[Try it] The records below are to be copied exactly, with every picture left out.

Items listed in a dataset

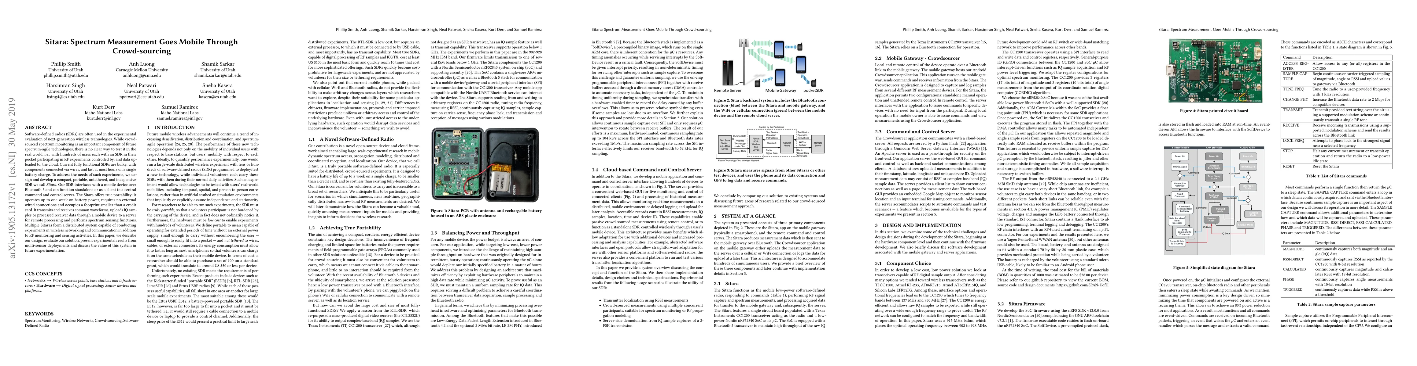 Software-defined radios (SDRs) are often used in the experimental evaluation of next-generation wireless technologies. While crowd-sourced spectrum monitoring is an important component of future spectrum-agile technologies, there is no clear way to test it in the real world, i.e., with hundreds of users each with an SDR in their pocket participating in RF experiments controlled by, and data uploaded to, the cloud. Current fully functional SDRs are bulky, with components connected via wires, and last at most hours on a single battery charge. To address the needs of such experiments, we design and develop a compact, portable, untethered, and inexpensive SDR we call Sitara. Our SDR interfaces with a mobile device over Bluetooth 5 and can function standalone or as a client to a central command and control server. The Sitara offers true portability: it operates up to one week on battery power, requires no external wired connections and occupies a footprint smaller than a credit card. It transmits and receives common waveforms, uploads IQ samples or processed receiver data through a mobile device to a server for remote processing and performs spectrum sensing functions. Multiple Sitaras form a distributed system capable of conducting experiments in wireless networking and communication in addition to RF monitoring and sensing activities. In this paper, we describe our design, evaluate our solution, present experimental results from multi-sensor deployments and discuss the value of this system in future experimentation.
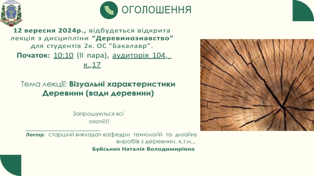 Відкрита лекція з дисципліни ,,Деревинознавство"
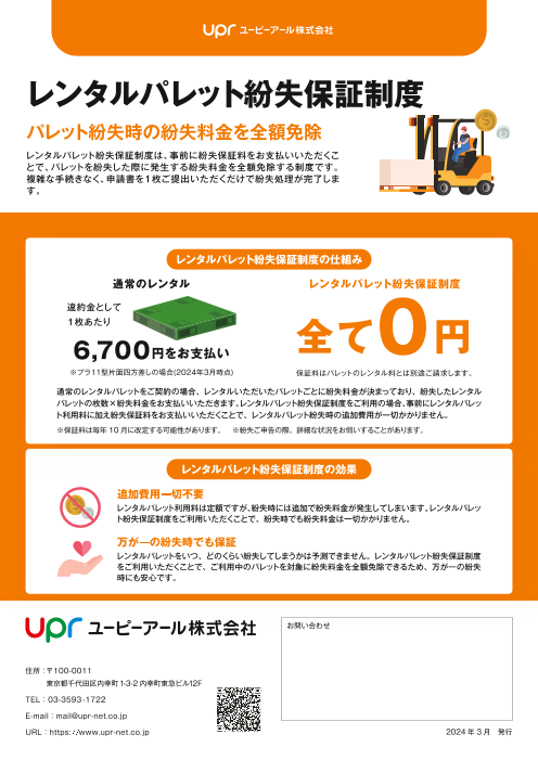 レンタルパレット紛失保証制度は、事前に紛失保証料をお支払いいただくことで、パレットを紛失した際に発生する紛失料金を全額免除する制度です。通常のレンタルパレットを...
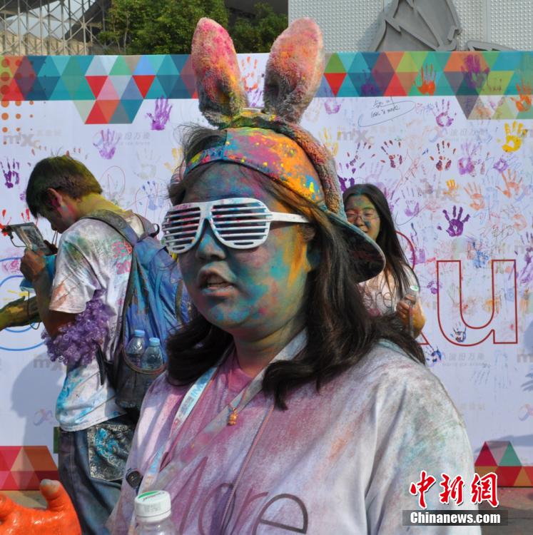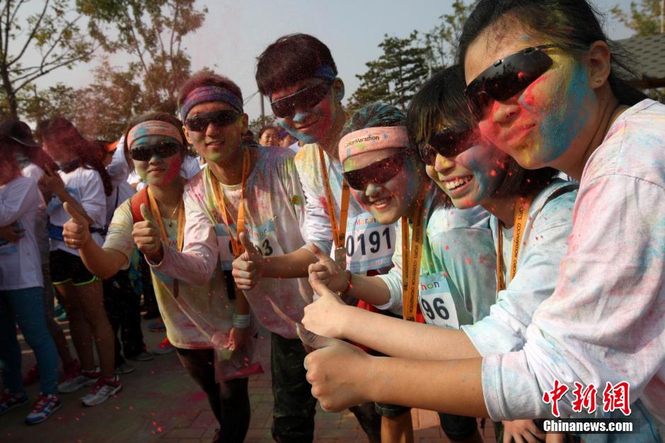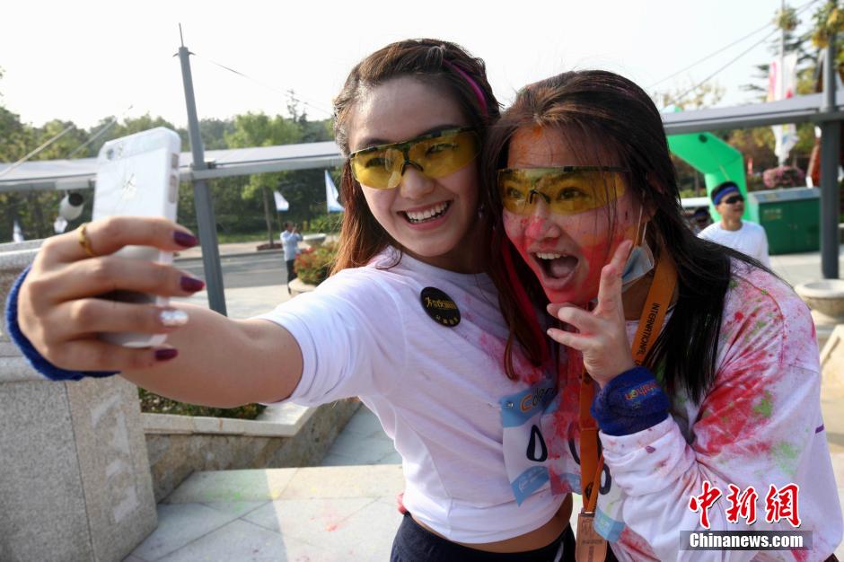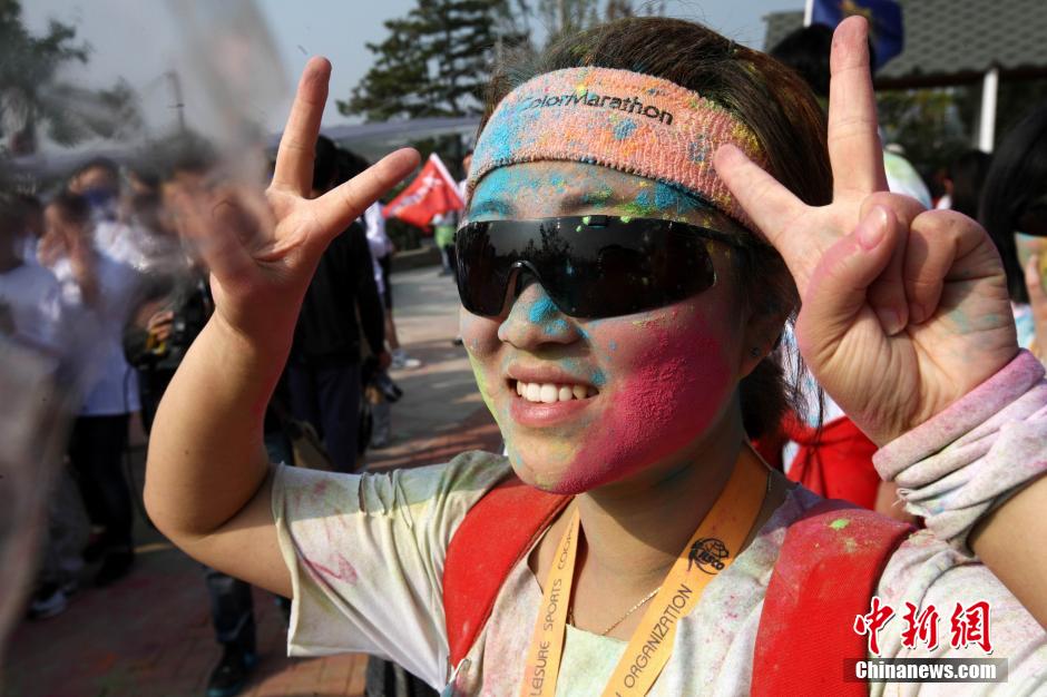 10月12日,“先天下color run环保健康彩跑活动”在石家庄一森林公园炫彩开跑,200多民众激情彩跑,并将彩粉相互抛洒在身上,把幸运带给每一个人。终点的色彩party点燃了每个人的激情,大家把彩粉抛向空中,把祝福传递下去。color run,源于印度节日,人们相互投掷颜料以求送去好运,后经美国人带到世界,形成将彩色粉末融入路跑的活动,被誉为世界上最欢乐的5公里跑。图为被染成五颜六色的的女孩们。中新社发 翟羽佳 摄
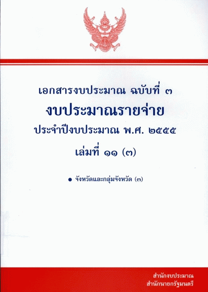เอกสารงบประมาณ ฉบับที่ 3 งบประมาณรายจ่าย ประจำปีงบประมาณ พ.ศ. 2555 เล่มที่ 11 (3) จังหวัดและกลุ่มจังหวัด (3) / สำนักงบประมาณ.

[Result of this exercise]
 Software-defined radios (SDRs) are often used in the experimental evaluation of next-generation wireless technologies. While crowd-sourced spectrum monitoring is an important component of future spectrum-agile technologies, there is no clear way to test it in the real world, i.e., with hundreds of users each with an SDR in their pocket participating in RF experiments controlled by, and data uploaded to, the cloud. Current fully functional SDRs are bulky, with components connected via wires, and last at most hours on a single battery charge. To address the needs of such experiments, we design and develop a compact, portable, untethered, and inexpensive SDR we call Sitara. Our SDR interfaces with a mobile device over Bluetooth 5 and can function standalone or as a client to a central command and control server. The Sitara offers true portability: it operates up to one week on battery power, requires no external wired connections and occupies a footprint smaller than a credit card. It transmits and receives common waveforms, uploads IQ samples or processed receiver data through a mobile device to a server for remote processing and performs spectrum sensing functions. Multiple Sitaras form a distributed system capable of conducting experiments in wireless networking and communication in addition to RF monitoring and sensing activities. In this paper, we describe our design, evaluate our solution, present experimental results from multi-sensor deployments and discuss the value of this system in future experimentation.
 Відкрита лекція з дисципліни ,,Деревинознавство"
 レンタルパレット紛失保証制度は、事前に紛失保証料をお支払いいただくことで、パレットを紛失した際に発生する紛失料金を全額免除する制度です。通常のレンタルパレットを...
 10月12日,“先天下color run环保健康彩跑活动”在石家庄一森林公园炫彩开跑,200多民众激情彩跑,并将彩粉相互抛洒在身上,把幸运带给每一个人。终点的色彩party点燃了每个人的激情,大家把彩粉抛向空中,把祝福传递下去。color run,源于印度节日,人们相互投掷颜料以求送去好运,后经美国人带到世界,形成将彩色粉末融入路跑的活动,被誉为世界上最欢乐的5公里跑。图为被染成五颜六色的的女孩们。中新社发 翟羽佳 摄
เอกสารงบประมาณ ฉบับที่ 3 งบประมาณรายจ่าย ประจำปีงบประมาณ พ.ศ. 2555 เล่มที่ 11 (3) จังหวัดและกลุ่มจังหวัด (3) / สำนักงบประมาณ.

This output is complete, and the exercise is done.